Masked Gamma-SSL: Learning Uncertainty Estimation via Masked Image Modeling
David S. W. Williams, Matthew Gadd, Paul Newman, Daniele De Martini
TL;DR
The paper addresses the need for reliable runtime uncertainty estimates in semantic segmentation under distributional shift for safety-critical robotics. It introduces a three-stage framework—pretraining with general representations, task-specific supervised learning on a source domain, and uncertainty training on unlabelled target-domain data—built on Masked Image Modeling with a masking-based consistency objective, implemented via the masked consistency loss $L_c$ and masking mask $M_\gamma^{\phi}$. A core contribution is the Mask-d2 model, which uses unlabelled data to achieve high-quality, single-pass uncertainty estimates and outperforms OoD and uncertainty baselines on SAX targets while generalising to unseen domains like WildDash.
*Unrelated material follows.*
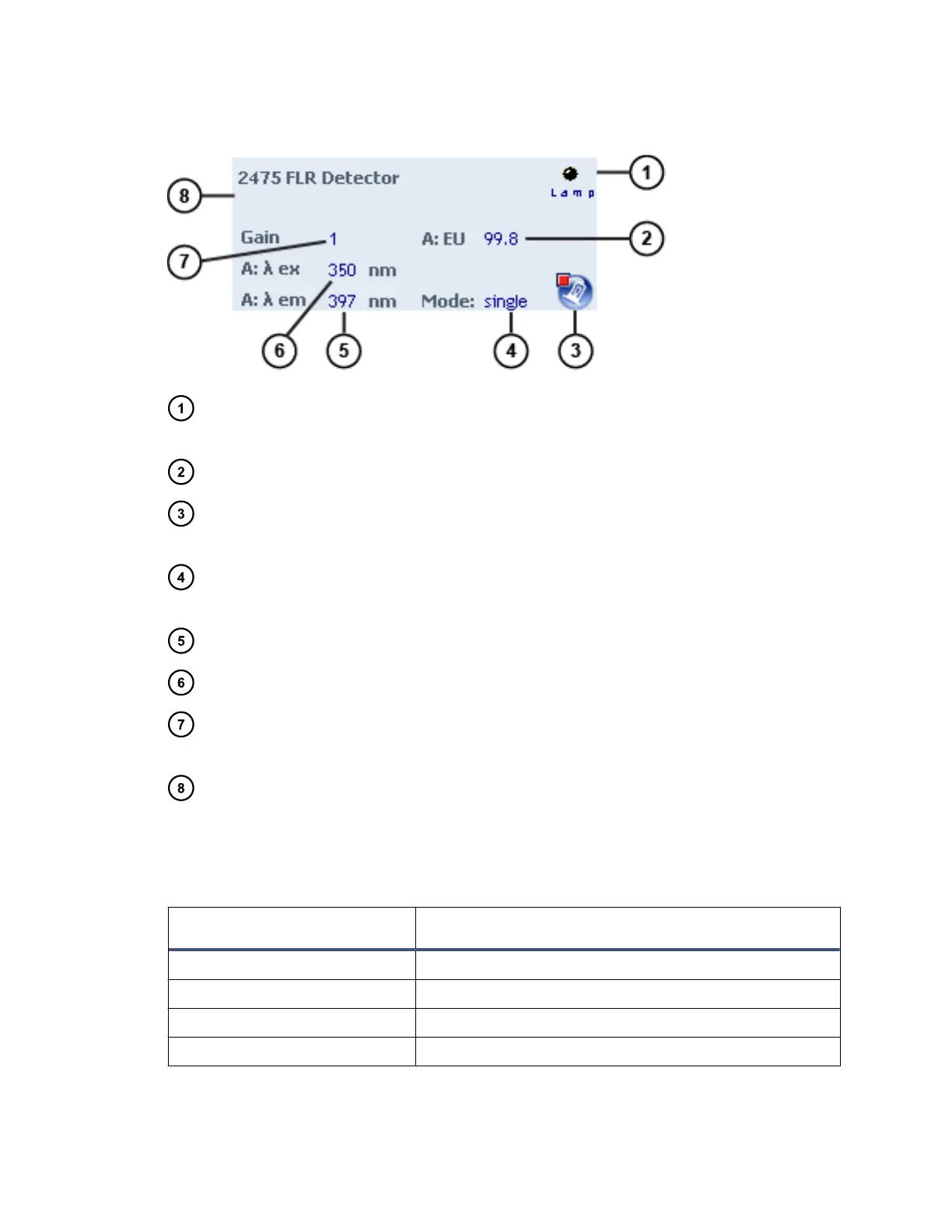 Table 3–9: Additional functions in the 2475 FLR detector control panel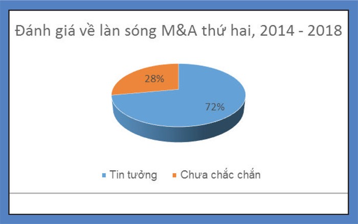 Đánh giá của về làn sóng thứ hai, có 72% nhất trí với nhận định sẽ có làn sóng thứ hai của hoạt động M&A trong giai đoạn tới 2014 – 2018, trong khi đó 28% nhận định chưa chắc chắn cho xu hướng này.

This approach reduces runtime latency for safety-critical perception while providing calibrated uncertainty, enabling safer actuation and interaction with potentially unseen scenes.
Abstract
This work proposes a semantic segmentation network that produces high-quality uncertainty estimates in a single forward pass. We exploit general representations from foundation models and unlabelled datasets through a Masked Image Modeling (MIM) approach, which is robust to augmentation hyper-parameters and simpler than previous techniques. For neural networks used in safety-critical applications, bias in the training data can lead to errors; therefore it is crucial to understand a network's limitations at run time and act accordingly. To this end, we test our proposed method on a number of test domains including the SAX Segmentation benchmark, which includes labelled test data from dense urban, rural and off-road driving domains. The proposed method consistently outperforms uncertainty estimation and Out-of-Distribution (OoD) techniques on this difficult benchmark.